To configure your cloud9 environment use the doc cloud9-configuration
Link to karpenter cluster a40f82dc6033f44cca6f25998f3081b0-1690317567.eu-north-1.elb.amazonaws.com cluster 1
Link to high-load karpenter cluster
The best way to install cluster use the official documentation https://karpenter.sh/v0.27.2/getting-started/getting-started-with-karpenter/
Define variables:
export KARPENTER_NAMESPACE="kube-system"
export KARPENTER_VERSION="0.37.0"
export K8S_VERSION="1.29"
export CLUSTER_NAME="kr-mongolia-01"
export AWS_PARTITION="aws"
export AWS_DEFAULT_REGION="eu-north-1"
export AWS_ACCOUNT_ID="$(aws sts get-caller-identity --query Account --output text)"
export TEMPOUT="$(mktemp)"
export ARM_AMI_ID="$(aws ssm get-parameter --name /aws/service/eks/optimized-ami/${K8S_VERSION}/amazon-linux-2-arm64/recommended/image_id --query Parameter.Value --output text)"
export AMD_AMI_ID="$(aws ssm get-parameter --name /aws/service/eks/optimized-ami/${K8S_VERSION}/amazon-linux-2/recommended/image_id --query Parameter.Value --output text)"

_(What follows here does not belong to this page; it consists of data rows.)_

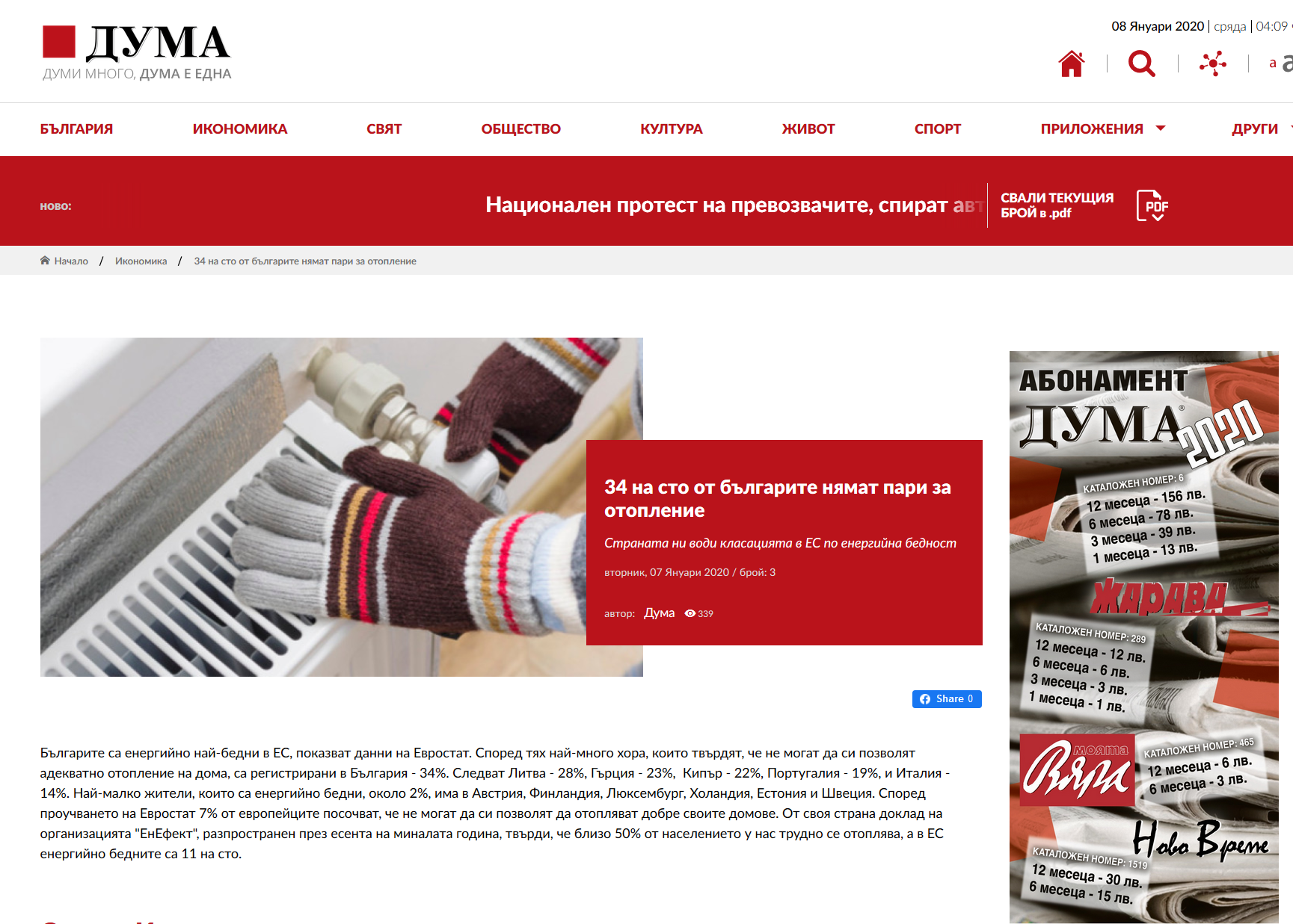 Potrivit unui sondaj Eurostat, 7% dintre europeni spun că nu își pot permite să-și încălzească bine casele. La rândul său, un raport al organizaţiei EnEffect, publicat toamna trecută, arată că aproape 50% din populația din Bulgaria stă prost la capitolul încălzire, iar în UE săracii din punct de vedere energetic sunt în procent de 11%. (RADOR)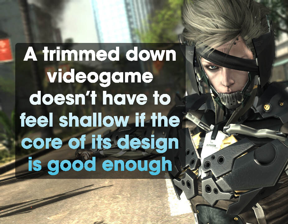 Some titles benefit from interspersing action set pieces with quieter moments of exploration (what would Uncharted be without its lovely platforming sequences?) while others would do well to note why Revengeance is such a joy to play through. A trimmed-down videogame doesn’t have to feel shallow if the core of its design is good enough. Though I never solved puzzles or navigated tricky environments in Metal Gear Rising, the strength of its swordplay was more than enough to make it stand out.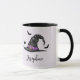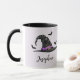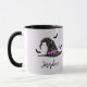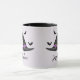 Start your mornings with a festive touch using this Halloween mug featuring a witch hat and flying bats on a light lilac background. Beneath the design is a personalizable text area where you can add your name or a short seasonal message.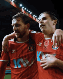 Footballers George Dobson and Alex Gilbey celebrate on the field, clapping to fans after a match.
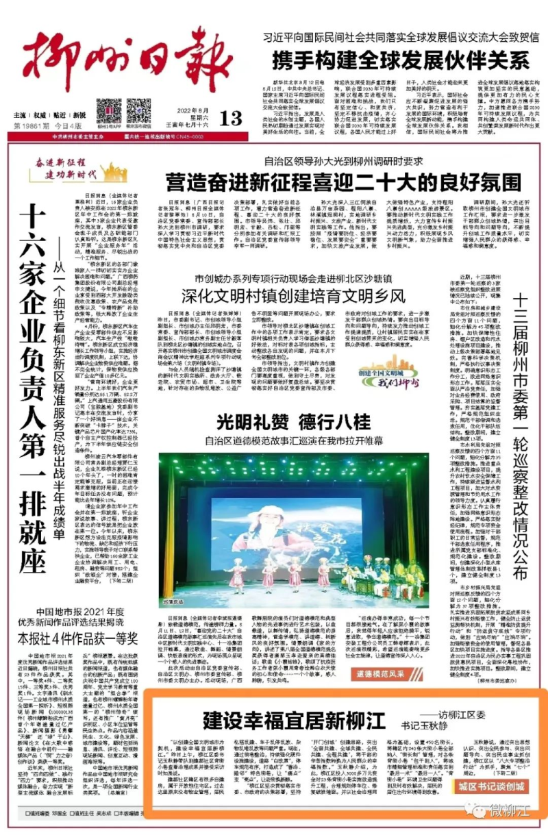 争创全国文明城市,柳江在行动。8月12日、13日,市广播电视台《柳州新闻》“城区书记谈创城”系列报道、在柳州APP《开门创城直播间》、《柳州日报》头版分别通过视频、直播、访谈文章等形式,聚焦柳江区开门创城工作取得的成效、特色及亮点。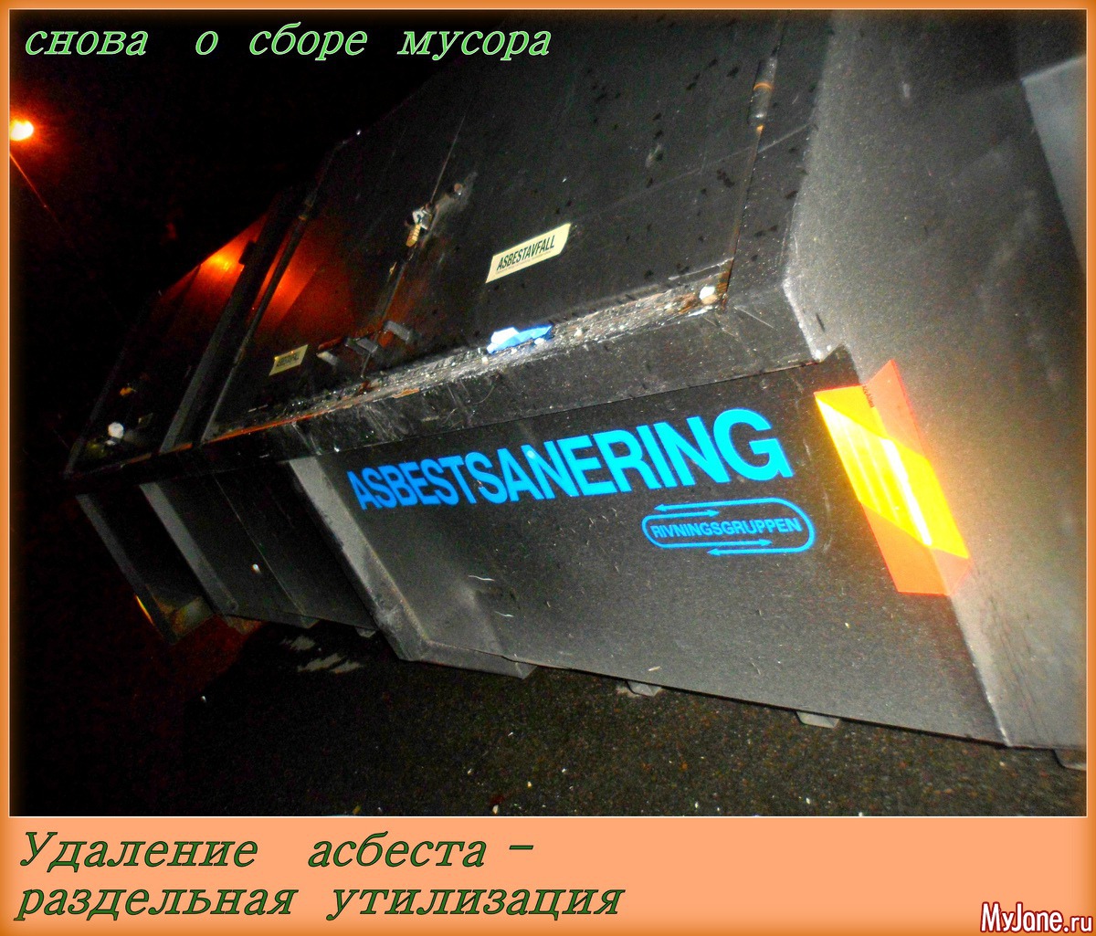 Для асбеста - абсолютно отдельный контейнер при строительных и ремонтных работах.

export GPU_AMI_ID="$(aws ssm get-parameter --name /aws/service/eks/optimized-ami/${K8S_VERSION}/amazon-linux-2-gpu/recommended/image_id --query Parameter.Value --output text)"
# check that we correctly configure our vars
echo $KARPENTER_VERSION $CLUSTER_NAME $AWS_DEFAULT_REGION $AWS_ACCOUNT_ID
We use the bigger size of EC2 instance: c5.2xlarge
to cover our high load example
curl -fsSL https://raw.githubusercontent.com/aws/karpenter-provider-aws/v"${KARPENTER_VERSION}"/website/content/en/preview/getting-started/getting-started-with-karpenter/cloudformation.yaml > "${TEMPOUT}" \
&& aws cloudformation deploy \
--stack-name "Karpenter-${CLUSTER_NAME}" \
--template-file "${TEMPOUT}" \
--capabilities CAPABILITY_NAMED_IAM \
--parameter-overrides "ClusterName=${CLUSTER_NAME}"
eksctl create cluster -f - <<EOF
---
apiVersion: eksctl.io/v1alpha5
kind: ClusterConfig
metadata:
name: ${CLUSTER_NAME}
region: ${AWS_DEFAULT_REGION}
version: "${K8S_VERSION}"
tags:
karpenter.sh/discovery: ${CLUSTER_NAME}
iam:
withOIDC: true
podIdentityAssociations:
- namespace: "${KARPENTER_NAMESPACE}"
serviceAccountName: karpenter
roleName: ${CLUSTER_NAME}-karpenter
permissionPolicyARNs:
- arn:${AWS_PARTITION}:iam::${AWS_ACCOUNT_ID}:policy/KarpenterControllerPolicy-${CLUSTER_NAME}
iamIdentityMappings:
- arn: "arn:${AWS_PARTITION}:iam::${AWS_ACCOUNT_ID}:role/KarpenterNodeRole-${CLUSTER_NAME}"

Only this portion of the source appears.